▶ **Dataset records**

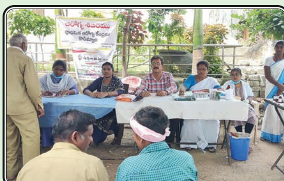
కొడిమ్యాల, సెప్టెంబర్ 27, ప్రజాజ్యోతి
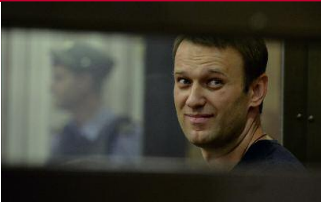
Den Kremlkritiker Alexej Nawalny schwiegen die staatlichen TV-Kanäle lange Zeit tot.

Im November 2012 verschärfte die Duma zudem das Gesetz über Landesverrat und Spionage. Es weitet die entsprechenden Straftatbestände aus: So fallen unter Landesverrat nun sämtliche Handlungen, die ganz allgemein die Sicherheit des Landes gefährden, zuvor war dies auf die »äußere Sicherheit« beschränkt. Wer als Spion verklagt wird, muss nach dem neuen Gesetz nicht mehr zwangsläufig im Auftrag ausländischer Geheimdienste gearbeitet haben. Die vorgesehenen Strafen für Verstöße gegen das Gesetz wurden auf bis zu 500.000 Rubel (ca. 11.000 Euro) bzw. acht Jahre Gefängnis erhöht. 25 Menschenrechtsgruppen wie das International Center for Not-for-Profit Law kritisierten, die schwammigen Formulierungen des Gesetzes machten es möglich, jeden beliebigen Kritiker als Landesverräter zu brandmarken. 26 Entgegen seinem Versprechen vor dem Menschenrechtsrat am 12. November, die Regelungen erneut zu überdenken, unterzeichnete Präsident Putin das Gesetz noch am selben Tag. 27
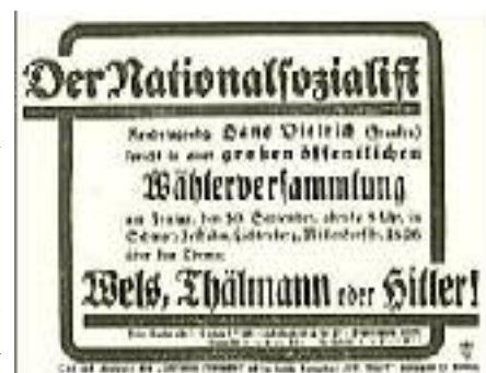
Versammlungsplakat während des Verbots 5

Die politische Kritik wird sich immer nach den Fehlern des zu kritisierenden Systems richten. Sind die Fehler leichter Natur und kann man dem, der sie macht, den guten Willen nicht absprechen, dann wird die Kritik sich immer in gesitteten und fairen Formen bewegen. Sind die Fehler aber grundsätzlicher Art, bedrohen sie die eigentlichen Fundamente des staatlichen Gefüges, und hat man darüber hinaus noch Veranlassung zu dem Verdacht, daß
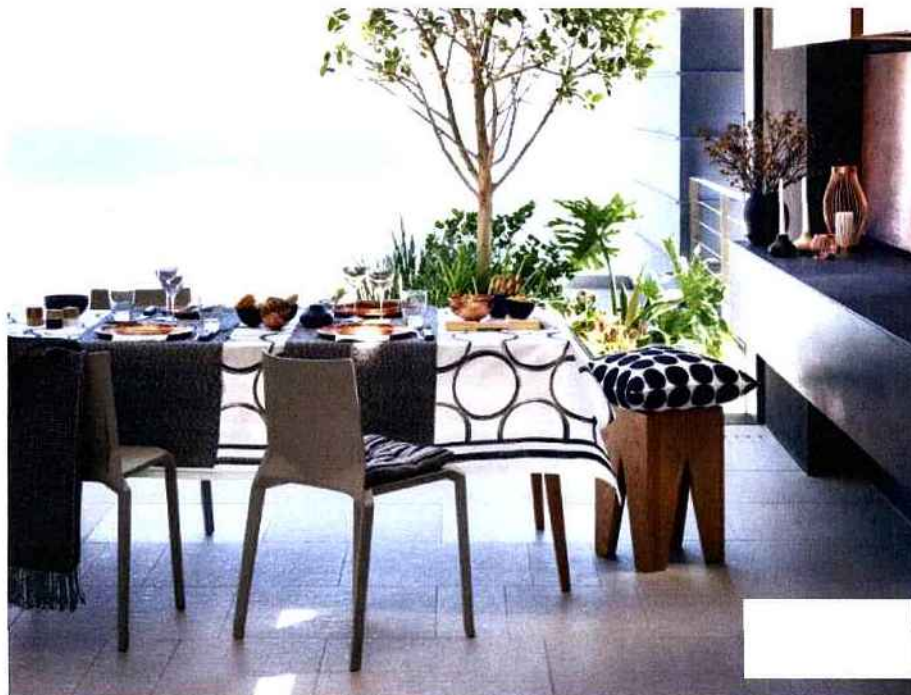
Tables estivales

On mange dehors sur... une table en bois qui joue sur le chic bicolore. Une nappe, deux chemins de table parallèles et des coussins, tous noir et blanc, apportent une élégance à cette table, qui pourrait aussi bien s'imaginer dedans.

▶ **What is required**
Set down the whole listing exactly as given, except for the pictures.

▶ **Answer space**
కొడిమ్యాల, సెప్టెంబర్ 27, ప్రజాజ్యోతి
Den Kremlkritiker Alexej Nawalny schwiegen die staatlichen TV-Kanäle lange Zeit tot.

Im November 2012 verschärfte die Duma zudem das Gesetz über Landesverrat und Spionage. Es weitet die entsprechenden Straftatbestände aus: So fallen unter Landesverrat nun sämtliche Handlungen, die ganz allgemein die Sicherheit des Landes gefährden, zuvor war dies auf die »äußere Sicherheit« beschränkt. Wer als Spion verklagt wird, muss nach dem neuen Gesetz nicht mehr zwangsläufig im Auftrag ausländischer Geheimdienste gearbeitet haben. Die vorgesehenen Strafen für Verstöße gegen das Gesetz wurden auf bis zu 500.000 Rubel (ca. 11.000 Euro) bzw. acht Jahre Gefängnis erhöht. 25 Menschenrechtsgruppen wie das International Center for Not-for-Profit Law kritisierten, die schwammigen Formulierungen des Gesetzes machten es möglich, jeden beliebigen Kritiker als Landesverräter zu brandmarken. 26 Entgegen seinem Versprechen vor dem Menschenrechtsrat am 12. November, die Regelungen erneut zu überdenken, unterzeichnete Präsident Putin das Gesetz noch am selben Tag. 27
Versammlungsplakat während des Verbots 5

Die politische Kritik wird sich immer nach den Fehlern des zu kritisierenden Systems richten. Sind die Fehler leichter Natur und kann man dem, der sie macht, den guten Willen nicht absprechen, dann wird die Kritik sich immer in gesitteten und fairen Formen bewegen. Sind die Fehler aber grundsätzlicher Art, bedrohen sie die eigentlichen Fundamente des staatlichen Gefüges, und hat man darüber hinaus noch Veranlassung zu dem Verdacht, daß
Tables estivales

On mange dehors sur... une table en bois qui joue sur le chic bicolore. Une nappe, deux chemins de table parallèles et des coussins, tous noir et blanc, apportent une élégance à cette table, qui pourrait aussi bien s'imaginer dedans.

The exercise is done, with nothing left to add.